═══ Data shown ═══

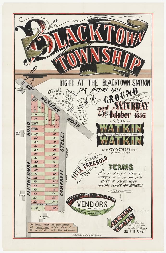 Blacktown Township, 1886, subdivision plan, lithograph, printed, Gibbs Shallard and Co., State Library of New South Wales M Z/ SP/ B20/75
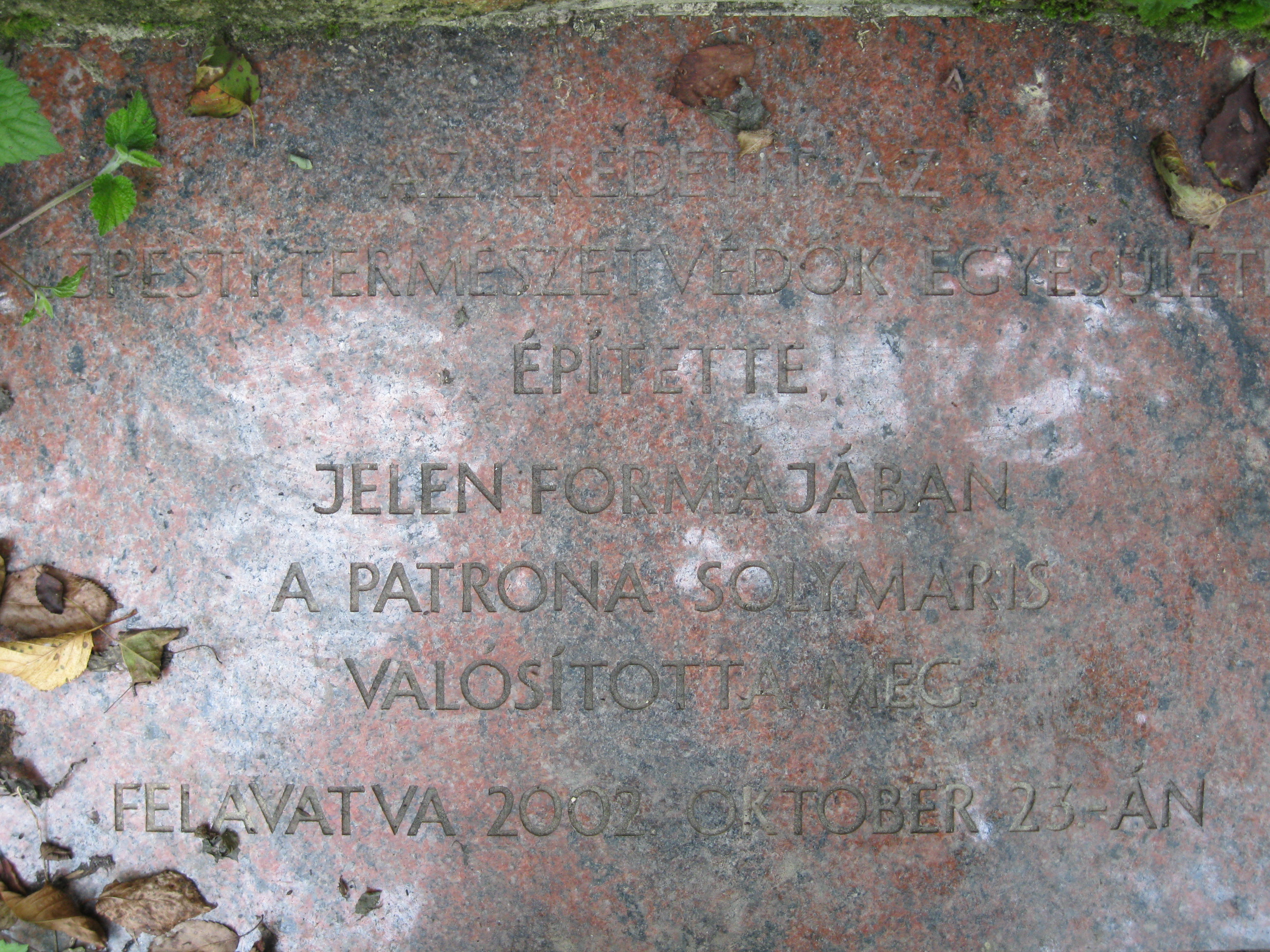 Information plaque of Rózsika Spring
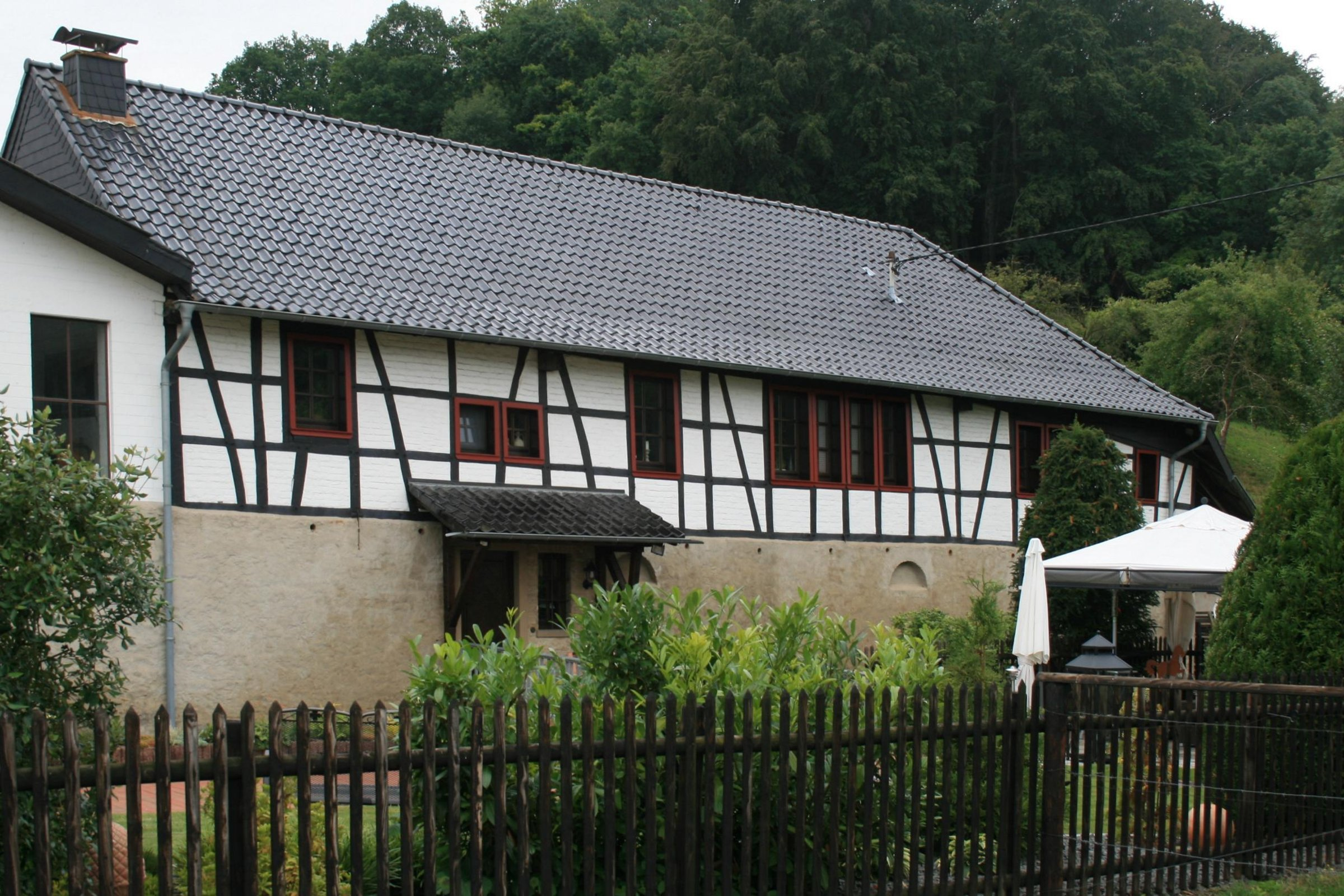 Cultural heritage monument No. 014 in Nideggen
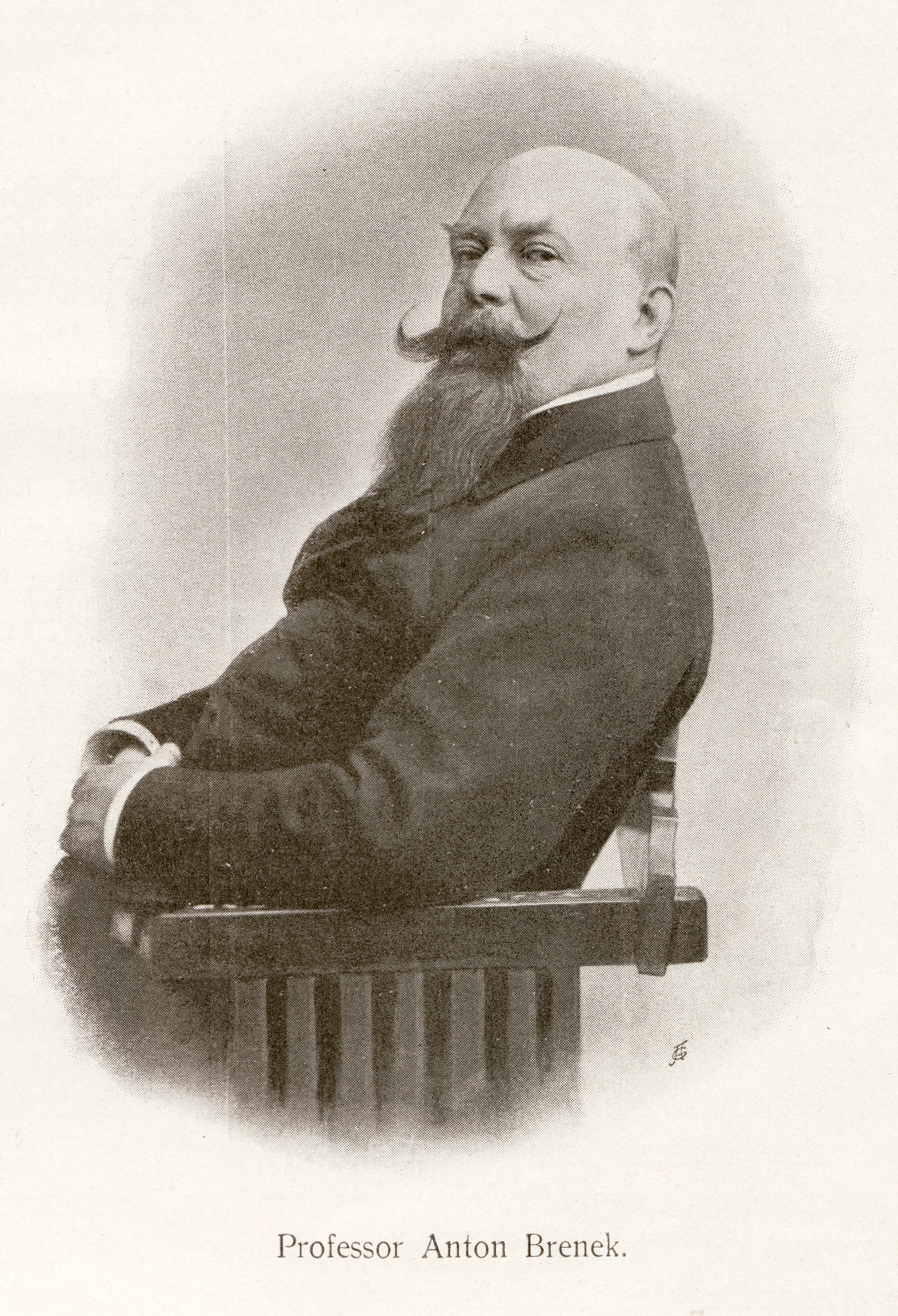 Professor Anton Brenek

═══

Work instruction:
Everything from the line with "Information plaque of Rózsika Spring" through the last line above must be repeated exactly, except the pictures.

Solved exercise:
 Information plaque of Rózsika Spring
 Cultural heritage monument No. 014 in Nideggen
 Professor Anton Brenek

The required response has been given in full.